● **Work to complete**
Reproduce, exactly and in full, the lines from the one with "天枢宫贪狼星君、天璇宫巨门星" through the one with "Ralph Lauren 14" in the data below; drop pictures.
[Data records Boundary: Start]
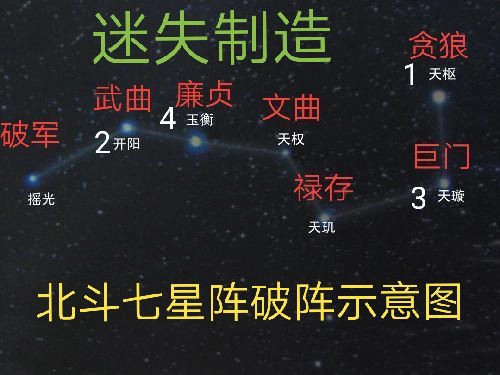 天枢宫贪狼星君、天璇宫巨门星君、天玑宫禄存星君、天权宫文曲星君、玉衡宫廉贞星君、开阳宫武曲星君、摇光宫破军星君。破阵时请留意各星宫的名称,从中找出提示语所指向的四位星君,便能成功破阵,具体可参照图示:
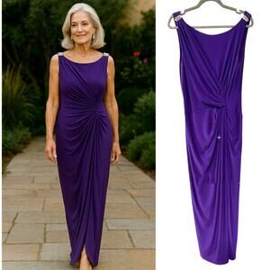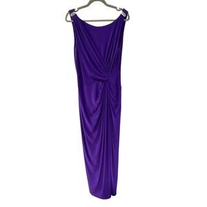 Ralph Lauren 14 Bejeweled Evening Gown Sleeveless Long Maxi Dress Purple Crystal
[Data records Boundary: End]
[Data records Boundary: Start]
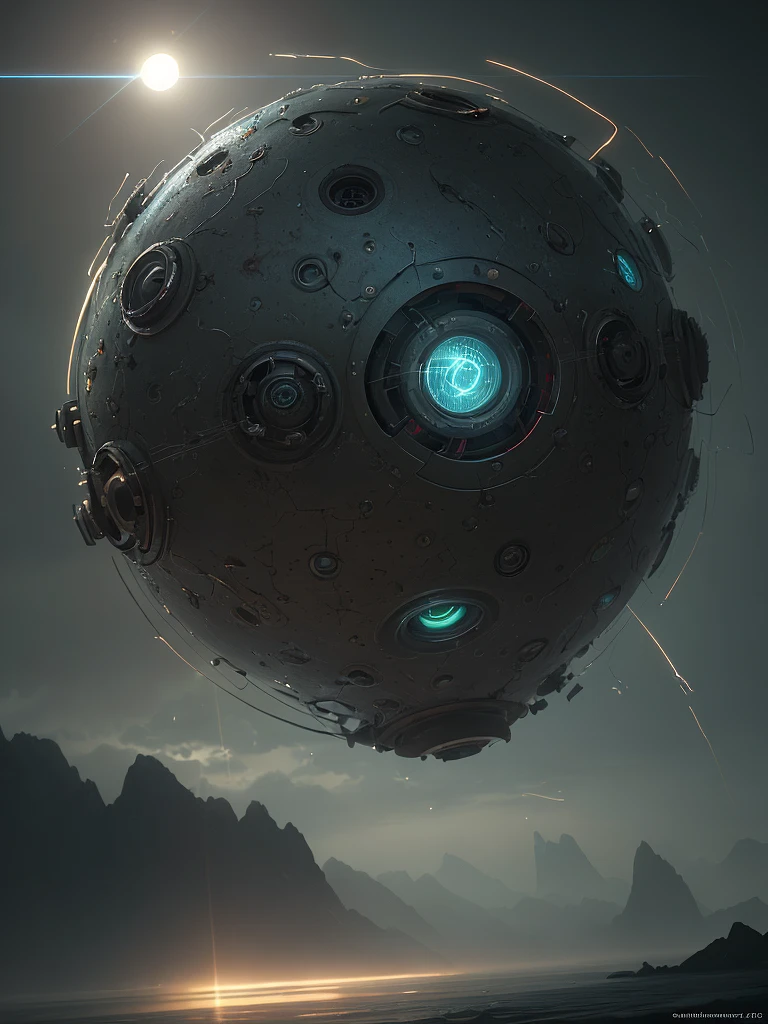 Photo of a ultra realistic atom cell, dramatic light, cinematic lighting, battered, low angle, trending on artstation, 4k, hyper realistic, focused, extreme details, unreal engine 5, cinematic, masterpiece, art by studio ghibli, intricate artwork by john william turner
[Data records Boundary: End]
[Data records Boundary: Start]
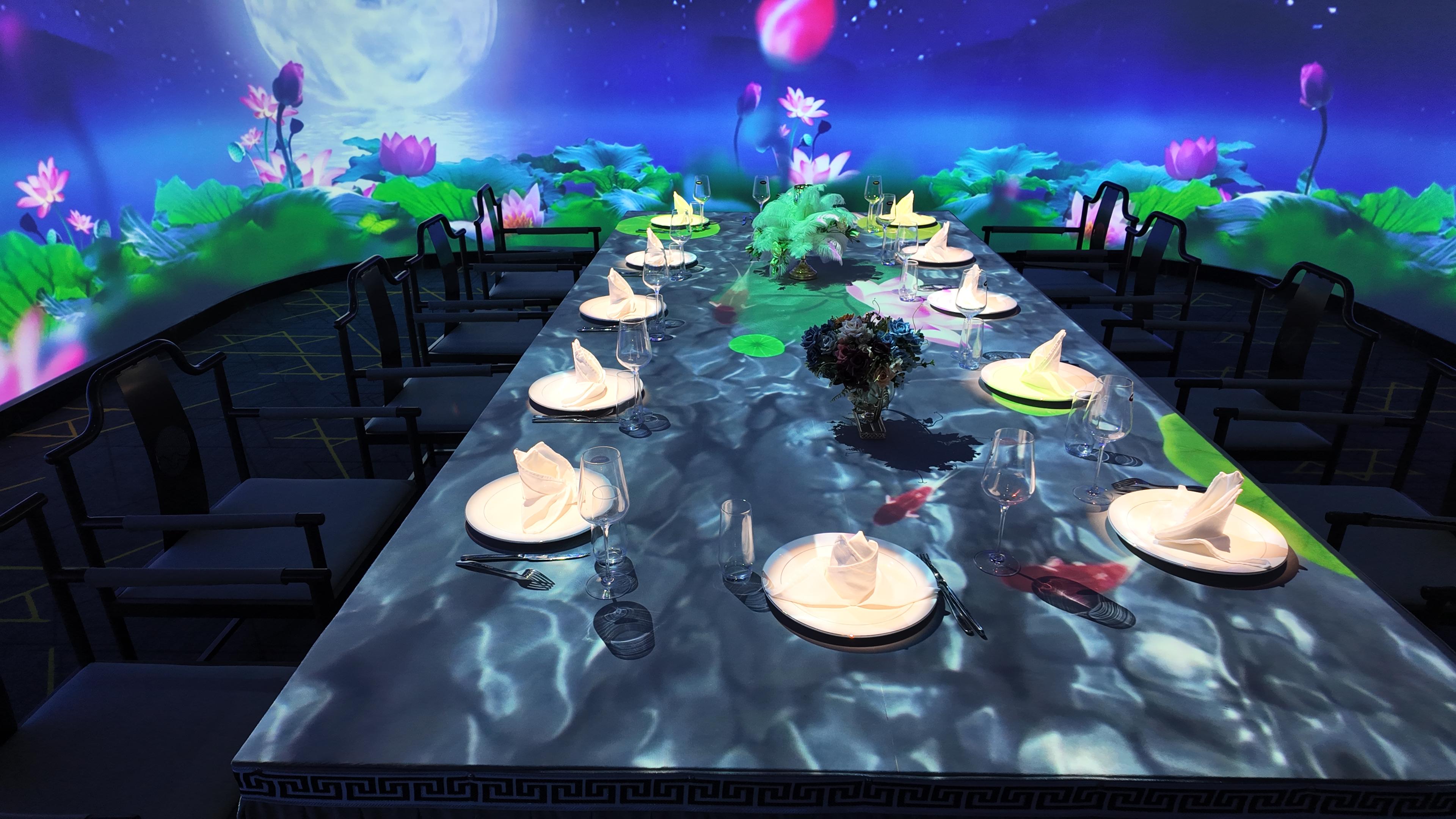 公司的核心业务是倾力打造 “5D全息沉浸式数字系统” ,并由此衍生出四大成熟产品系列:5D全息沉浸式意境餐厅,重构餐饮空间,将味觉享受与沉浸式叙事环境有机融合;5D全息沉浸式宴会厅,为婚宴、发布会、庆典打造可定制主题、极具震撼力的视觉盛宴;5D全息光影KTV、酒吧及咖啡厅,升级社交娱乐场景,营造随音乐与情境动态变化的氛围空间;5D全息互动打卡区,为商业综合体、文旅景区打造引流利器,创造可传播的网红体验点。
[Data records Boundary: End]
● **Task result**
 天枢宫贪狼星君、天璇宫巨门星君、天玑宫禄存星君、天权宫文曲星君、玉衡宫廉贞星君、开阳宫武曲星君、摇光宫破军星君。破阵时请留意各星宫的名称,从中找出提示语所指向的四位星君,便能成功破阵,具体可参照图示:
 Ralph Lauren 14 Bejeweled Evening Gown Sleeveless Long Maxi Dress Purple Crystal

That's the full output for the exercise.